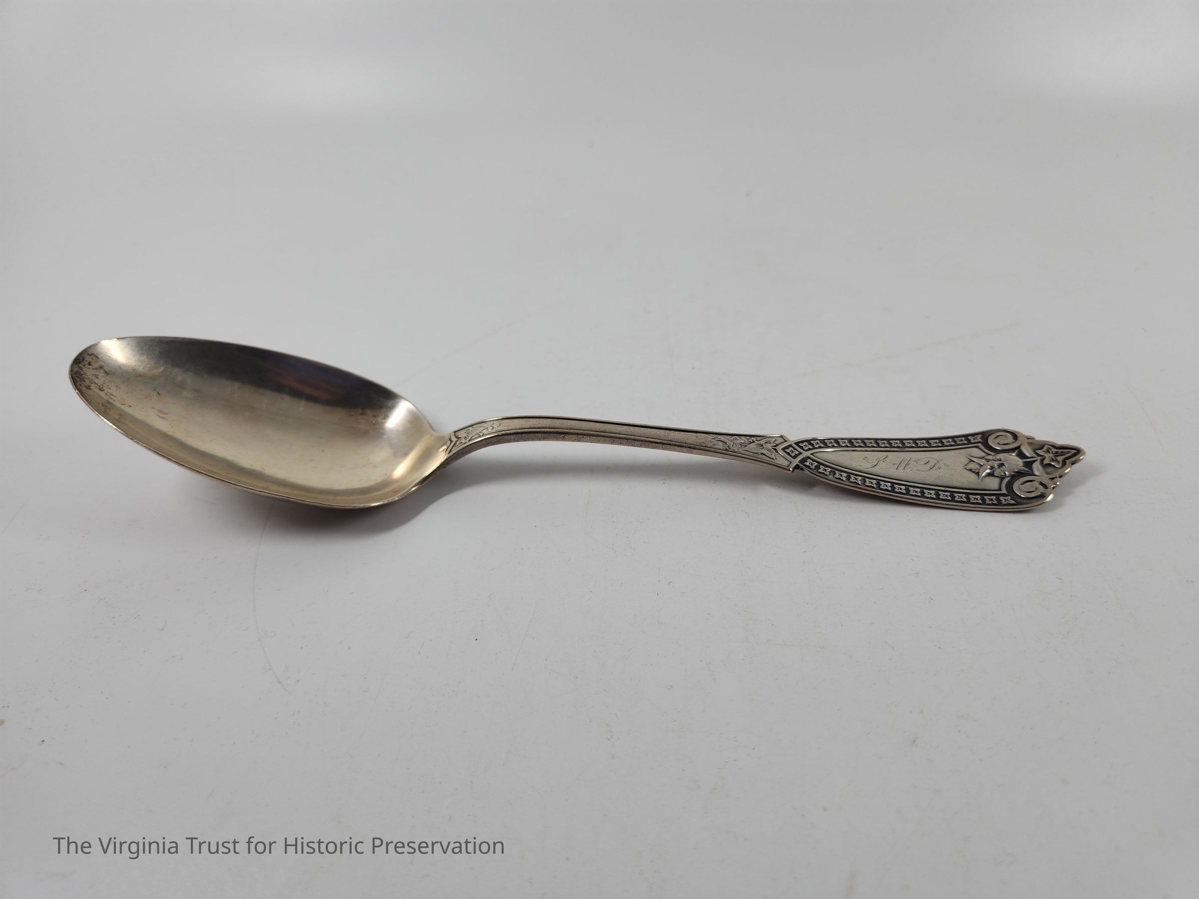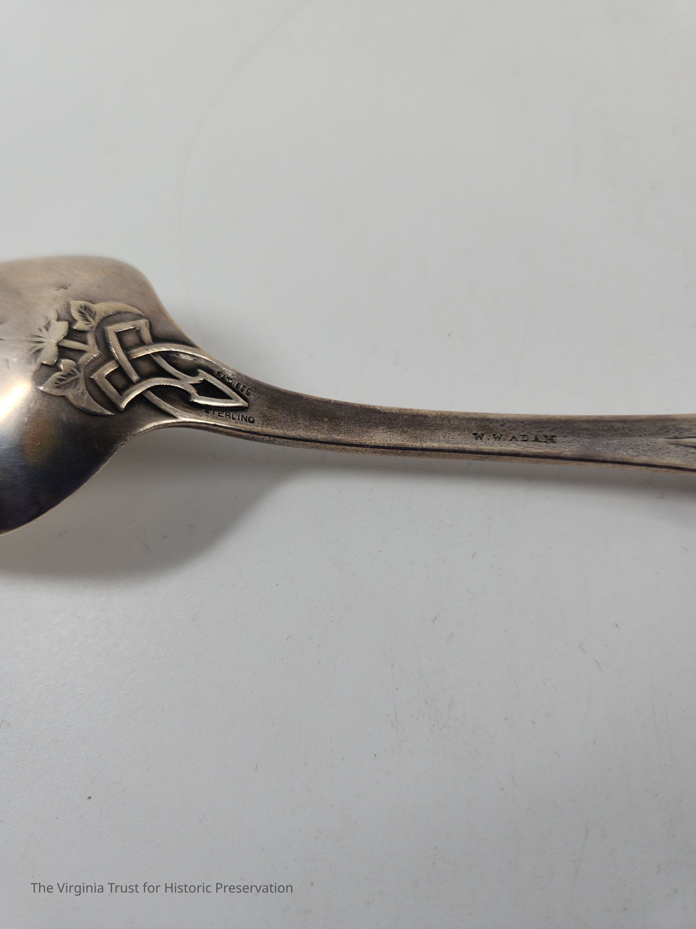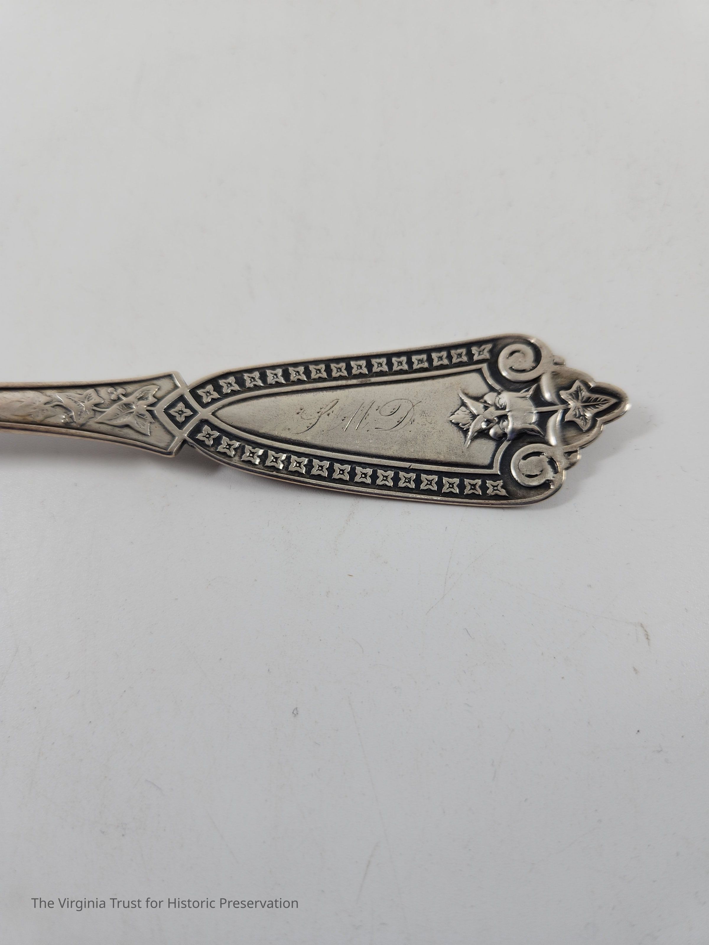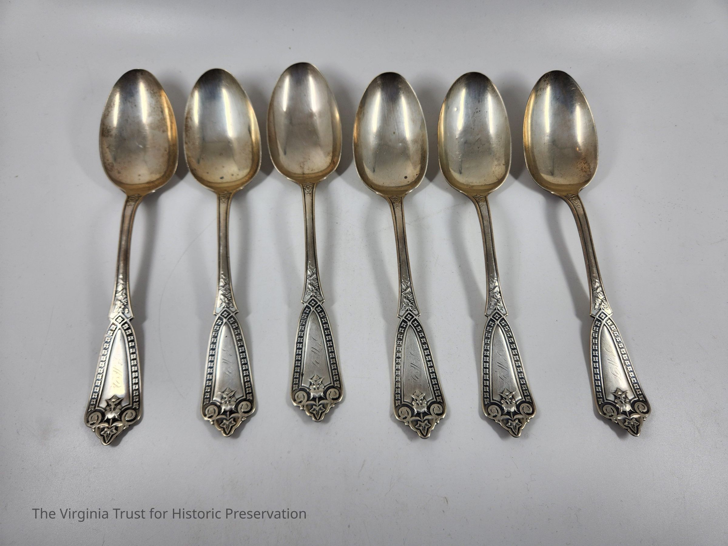 Part of six matching sterling silver tablespoons part of 16 piece spoon set of three different sizes. SMD monogram (probably for Sarah Miranda Downham). Whiting Ivy Pattern originally produced by Henry Hebbard.
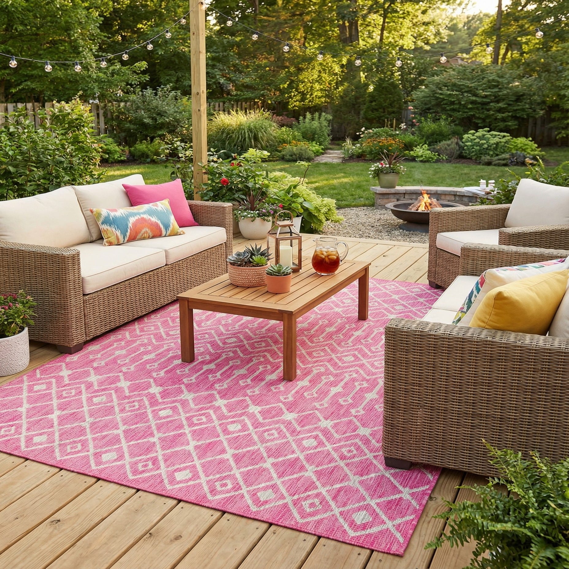 This rug works well on a covered patio or sunroom where color makes a statement alongside neutral furniture, or layered beneath a light wicker seating group to add contrast and energy. It also pairs nicely with gray or white sofas in a modern living room, colorful children’s play areas, or an entryway that benefits from a lively focal point.
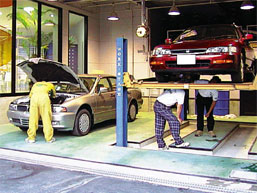 自社工場を完備しておりますので、車検修理・鈑金・塗装・ドレスアップ等、アフターサービスも万全です。最長5年間・10万km保証付。
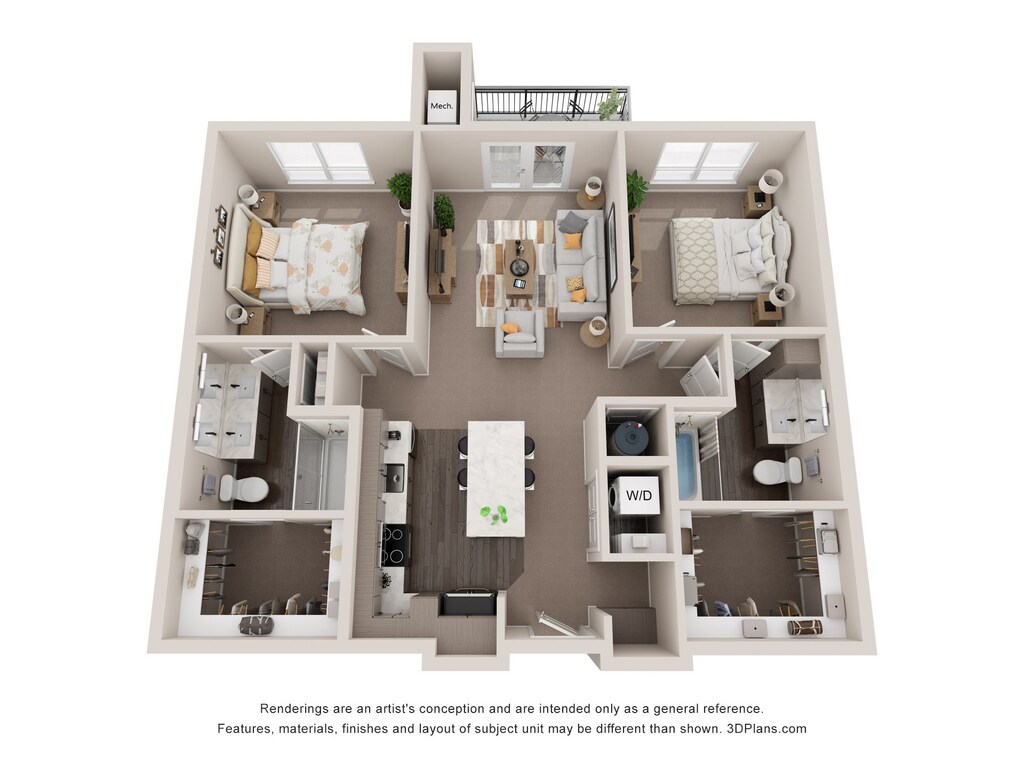 2 Beds, 2 Baths, 1285 sq ftAvailable NowLargest 2 BedroomThis is the largest 2 Bedroom at this PropertyModel Gallery
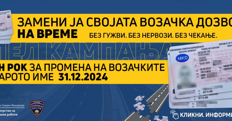 Министерството за внатрешни работи ги потсетува граѓаните дека важноста на возачките дозволи со старото уставно име, согласно со промената на законот за безбедност во сообраќајот, е заклучно со 31.12.2024 година.

Problem
A word-for-word retyping of every record is required, without the pictures.

Result of this task
 Part of six matching sterling silver tablespoons part of 16 piece spoon set of three different sizes. SMD monogram (probably for Sarah Miranda Downham). Whiting Ivy Pattern originally produced by Henry Hebbard.
 This rug works well on a covered patio or sunroom where color makes a statement alongside neutral furniture, or layered beneath a light wicker seating group to add contrast and energy. It also pairs nicely with gray or white sofas in a modern living room, colorful children’s play areas, or an entryway that benefits from a lively focal point.
 自社工場を完備しておりますので、車検修理・鈑金・塗装・ドレスアップ等、アフターサービスも万全です。最長5年間・10万km保証付。
 2 Beds, 2 Baths, 1285 sq ftAvailable NowLargest 2 BedroomThis is the largest 2 Bedroom at this PropertyModel Gallery
 Министерството за внатрешни работи ги потсетува граѓаните дека важноста на возачките дозволи со старото уставно име, согласно со промената на законот за безбедност во сообраќајот, е заклучно со 31.12.2024 година.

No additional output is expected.